И все-таки первое время ты сходила с ума, наверное, без этого бешеного ритма, в котором обычно живешь.
Я была, скажем так, потерянна.
К счастью, всё возвращается на круги своя. В этом сезоне в Вахтанговском планируется новый спектакль с твоим участием. Это «Мёртвые души», верно?
Так страшно об этом говорить, давай мы вообще пока оставим эту тему. Меня режиссер Владимир Владимирович Иванов, он же — автор инсценировки, попросил пока никому ничего не рассказывать. Я, как послушный ученик, молчу. Могу только сказать, что в феврале мы хотим выпуститься, поэтому в октябре должны начать репетировать.
Ты же очень давно в Вахтанговском театре не выпускала премьер.
Давно, очень давно.
Последний спектакль был «Троил и Крессида» в постановке Римаса Туминаса, это 2008 год.
В «Троиле и Крессиде» ко мне очень нежно относились ребята, которые делали мне латексное тело. Они были прелестные, они видели меня рембрандтовской женщиной-красавицей. А у Туминаса, мне кажется, задумка-то была другая: я должна была быть просто королевой целлюлита.
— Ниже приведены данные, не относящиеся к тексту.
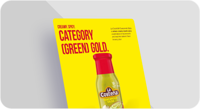 Category (Green) Gold. La Costeña® Guacamole Salsa is where creamy meets spicy a bold blend of real avocado and heat that delivers flavor in every pour. Perfect for retail or foodservice. No chopping, no mashing – Just open, pour and serve. Creamy. Spicy. vilore.com Sales@vilore.com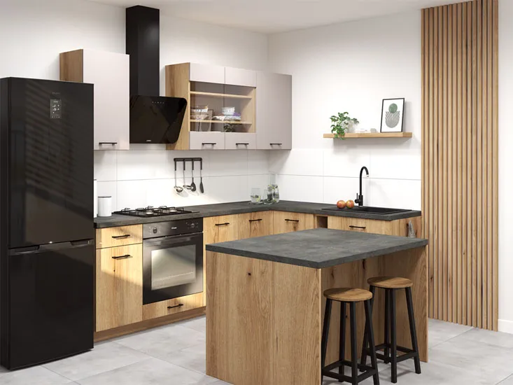 Wyspa kuchenna z blatem dąb evoke + czarny - Perdix
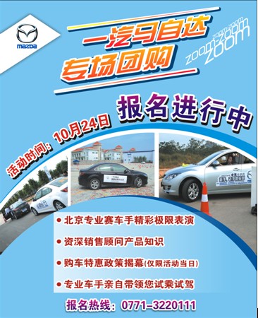 10月24日,瘋狂再次來襲,以操控性著稱的一汽馬自達將舉辦專場團購,活動現(xiàn)場還有北京專業(yè)賽車手親臨現(xiàn)場帶來汽車特技表演,整個活動具有很強的專業(yè)性及趣味性!由于名額有限,想?yún)⒓右黄R自達專場團購的朋友要抓緊時間報名了!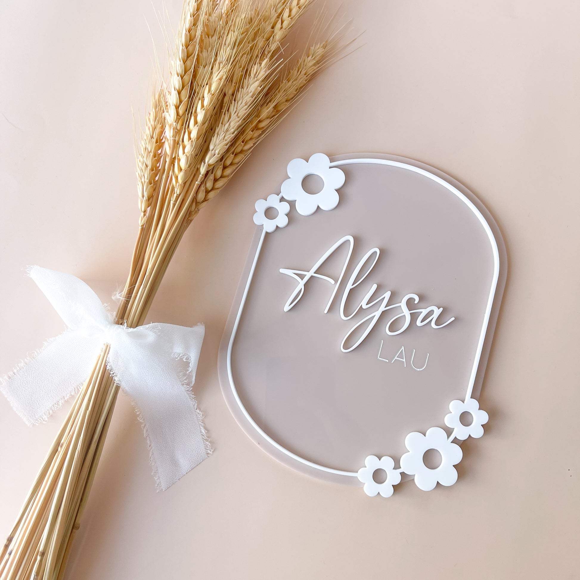 Acrylic name and border will be cut out of white acrylic, the chosen colour is for the base. Any engraving will also be paint filled in white.Â
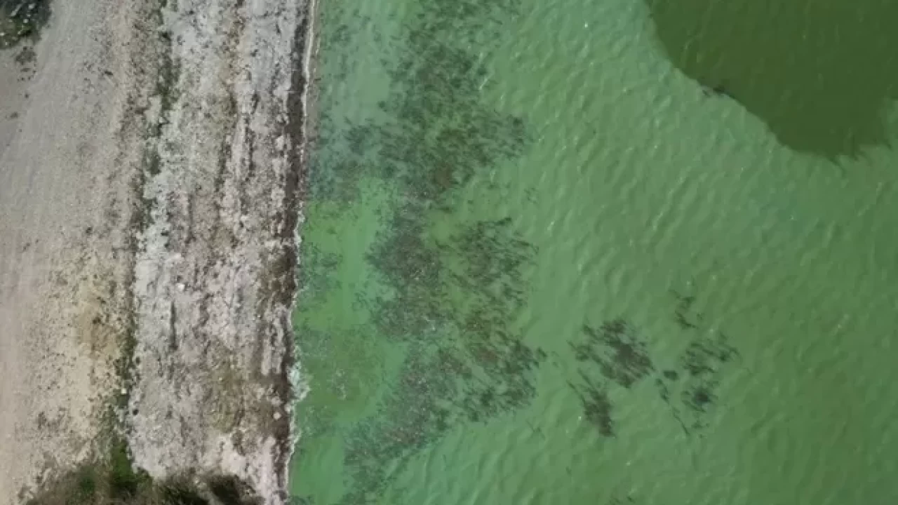 Göldeki renk değişimi ve kıyıda oluşan köpük ise havadan görüntülendi.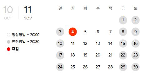 연장 영업시간 10:30 ~ 20:30

За нее все воюют, за красавицу Елену. Понимаешь, ее много лет не видели люди, она сидит в башне взаперти, ну и разожралась там — это была идея Римаса. У людей шок был, когда я появлялась в латексе. Потому что действительно ощущение, что я на сцене голая стою. Но я была очень красивой женщиной с большой грудью — такой «Рембрандт» настоящий. Люди должны были молиться, увидев такую Елену.
Не знаю, как насчет твоей Елены, но я хочу тебе сказать, что ты сама с годами становишься всё краше и краше. Мы же с тобой сто лет знакомы, и мне есть с чем сравнивать.
У меня очень хороший художник по гриму — Екатерина Юрьевна Одинцова.
Это конечно. Но вот ты сидишь передо мной еще практически без грима — и такое прекрасное, красивое лицо, Маш!
У меня гениальный косметолог Елена Андреевна Федько. Гениальный. Я же аллергик, Вадик. Она мне делает крем. Мне почти 50 лет, а морщин нет. Если бы я еще была модница, если бы я еще вот этим занималась, то вообще была бы неотразима.
Насколько я знаю, тебя всегда мало интересовали платья, сумки.
К сожалению.
Спортивный костюм, кроссовки, удочка — вот твоя стихия.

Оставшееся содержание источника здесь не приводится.